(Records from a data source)

········

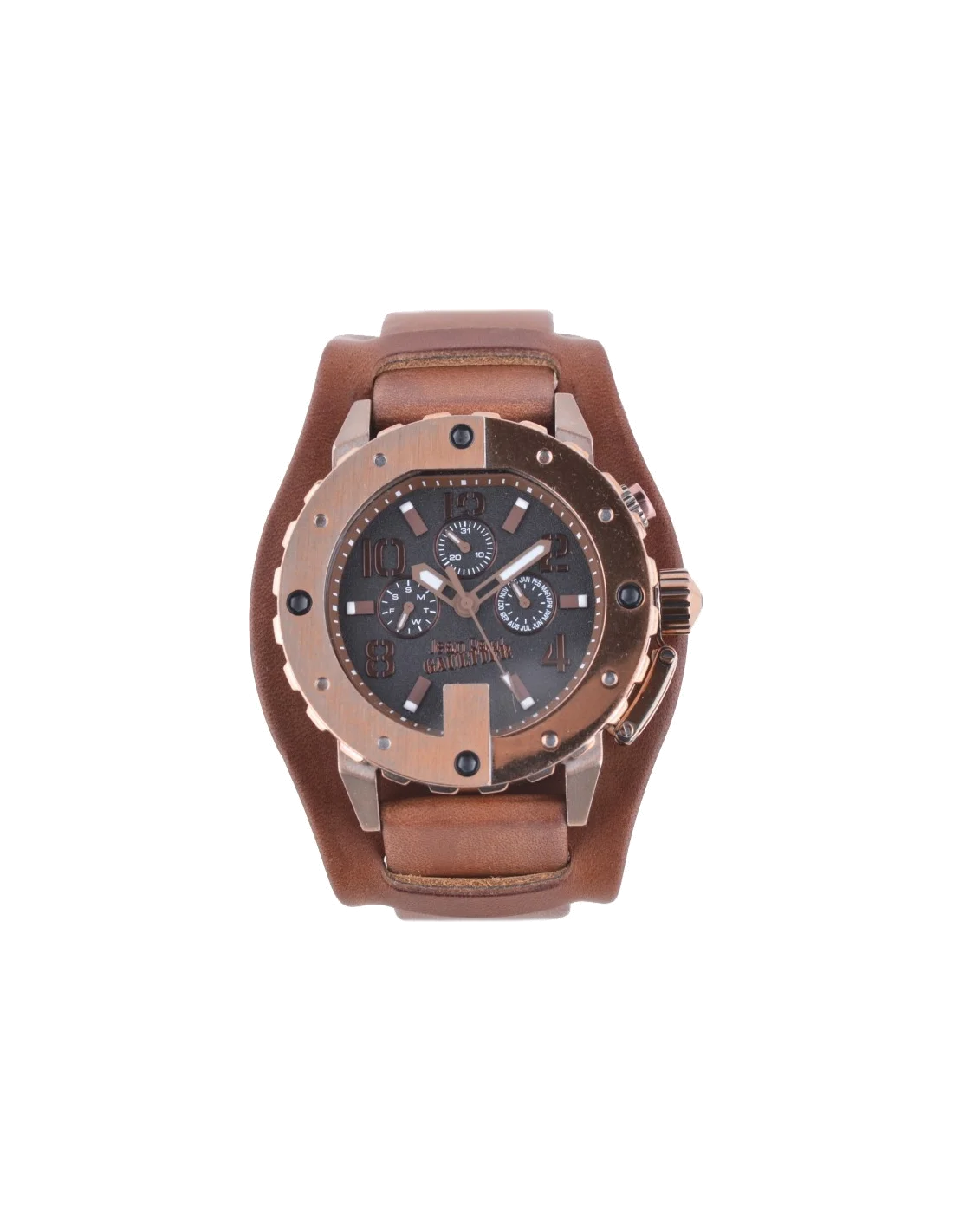 Cette montre lancée par le célèbre couturier Jean Paul Gaultier se veut racée avec sa lunette crantée et sertie de clous, son cadran à 3 compteurs et son large bracelet marron en cuir.
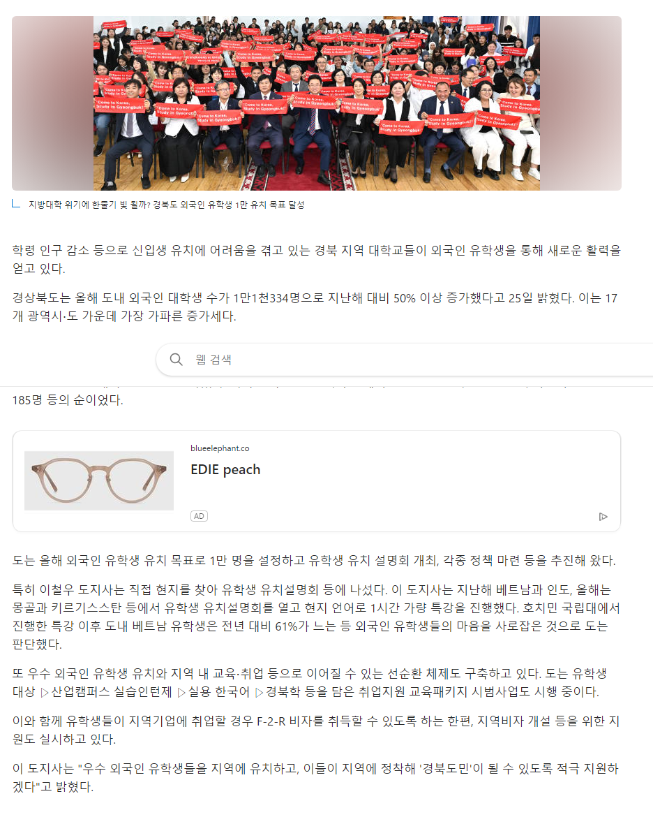 지방대학 위기에 한줄기 빛 될까? 경북도 외국인 유학생 1만 유치 목표 달성 (msn.com)
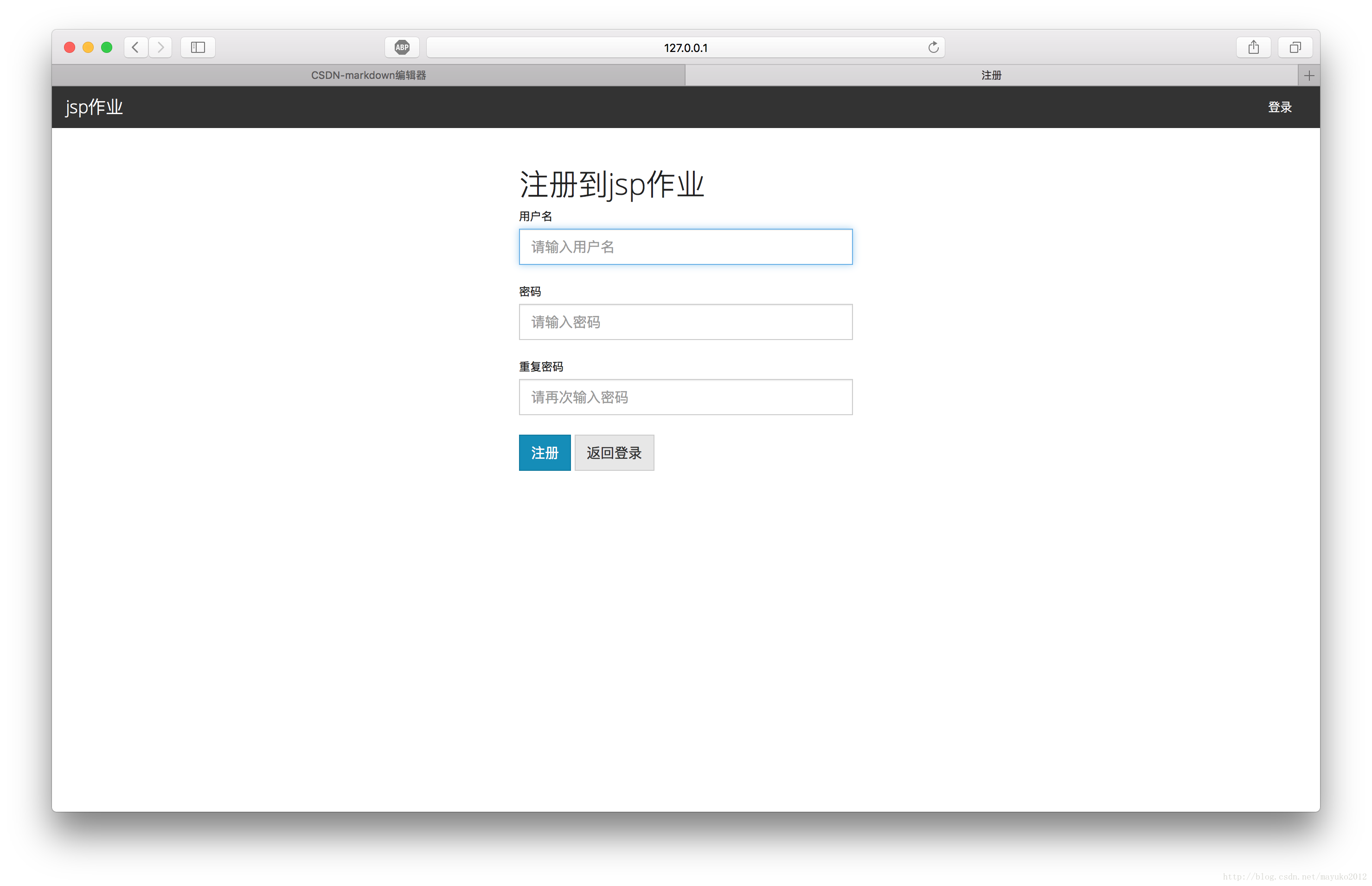 完成登錄JSP頁面設計和注冊頁面設計
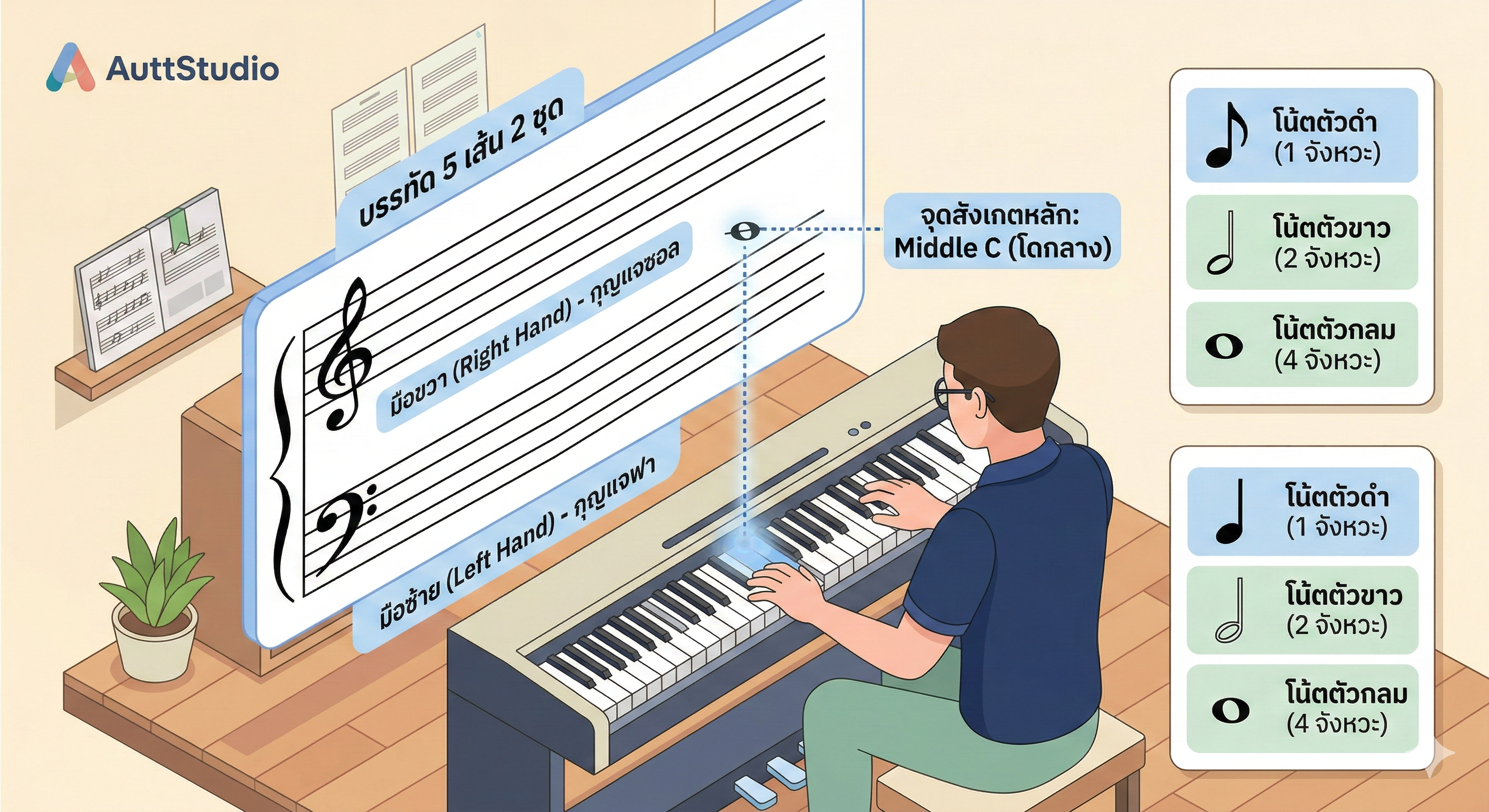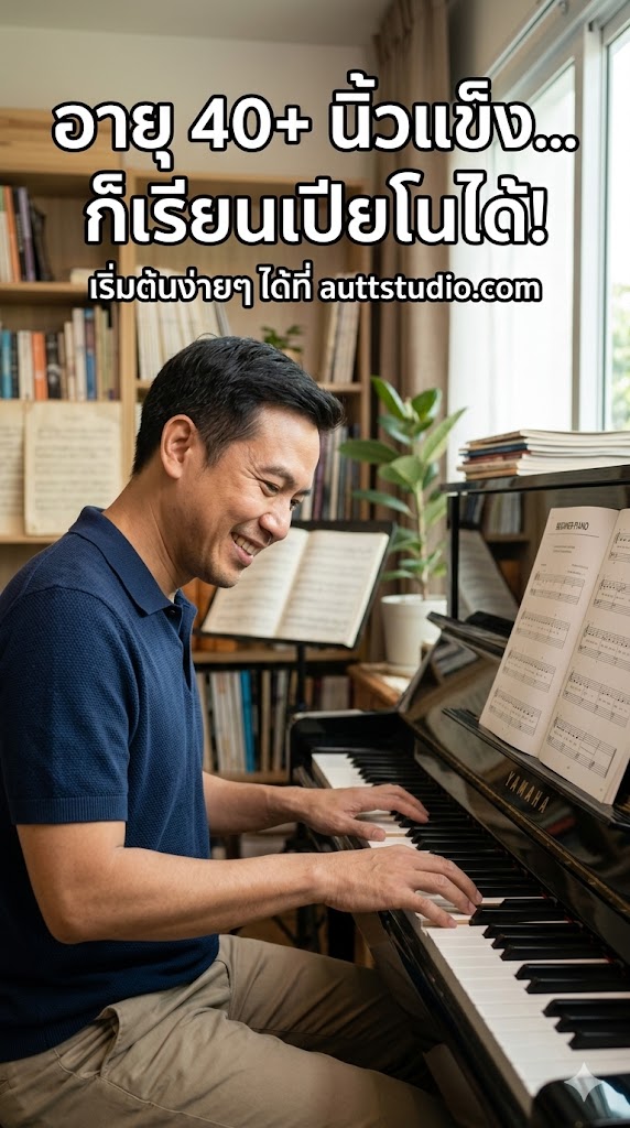 อยากเรียนเปียโนตอนอายุ 40+ แต่กังวลเรื่องนิ้วแข็งและอ่านโน้ตไม่เป็น? พบเทคนิคเริ่มต้นและทางลัดจาก AuttStudio ที่ช่วยให้ผู้ใหญ่เล่นเปียโนเป็นเพลงได้จริงในเวลาอันรวดเร็ว
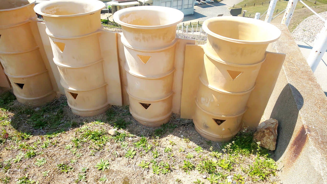 五色塚古墳の円筒埴輪再現展示。古い時代の円筒埴輪はヒレがついていて、隙間をつくらないようにして古墳を守っていたと考えられる。
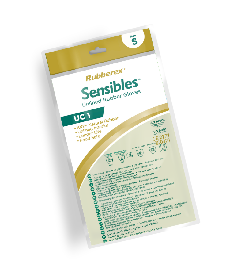 Guants setinats de làtex de Rubberex sense apelfat interior i d’un color natural clarament visible per donar-nos compte de qualsevol possible tall en el guant.
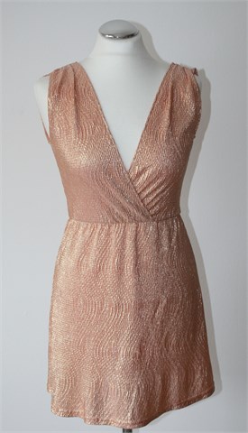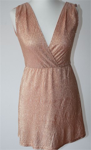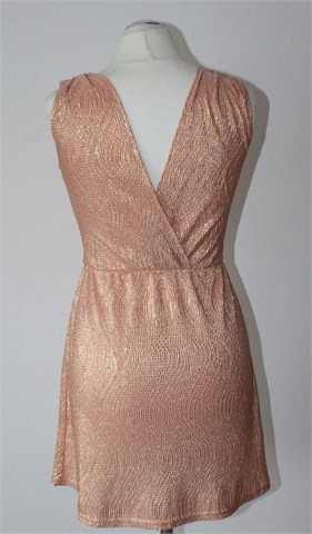 Oh My Love London haljina bez rukava, prljavo roze boje sa zlatnim sjajem na vanjskoj strani materijala (materijal ima reljefni uzorak - vidljivo na slikama). Gumica ispod prsiju, tanka i lagana. Rastezljiva.

········

- _WHAT YOU WILL DO_: If a line falls between the first line of the records above and the line containing "Guants setinats de", inclusive, retype it exactly; leave pictures out.

- _REPLY_:
 Cette montre lancée par le célèbre couturier Jean Paul Gaultier se veut racée avec sa lunette crantée et sertie de clous, son cadran à 3 compteurs et son large bracelet marron en cuir.
 지방대학 위기에 한줄기 빛 될까? 경북도 외국인 유학생 1만 유치 목표 달성 (msn.com)
 完成登錄JSP頁面設計和注冊頁面設計
 อยากเรียนเปียโนตอนอายุ 40+ แต่กังวลเรื่องนิ้วแข็งและอ่านโน้ตไม่เป็น? พบเทคนิคเริ่มต้นและทางลัดจาก AuttStudio ที่ช่วยให้ผู้ใหญ่เล่นเปียโนเป็นเพลงได้จริงในเวลาอันรวดเร็ว
 五色塚古墳の円筒埴輪再現展示。古い時代の円筒埴輪はヒレがついていて、隙間をつくらないようにして古墳を守っていたと考えられる。
 Guants setinats de làtex de Rubberex sense apelfat interior i d’un color natural clarament visible per donar-nos compte de qualsevol possible tall en el guant.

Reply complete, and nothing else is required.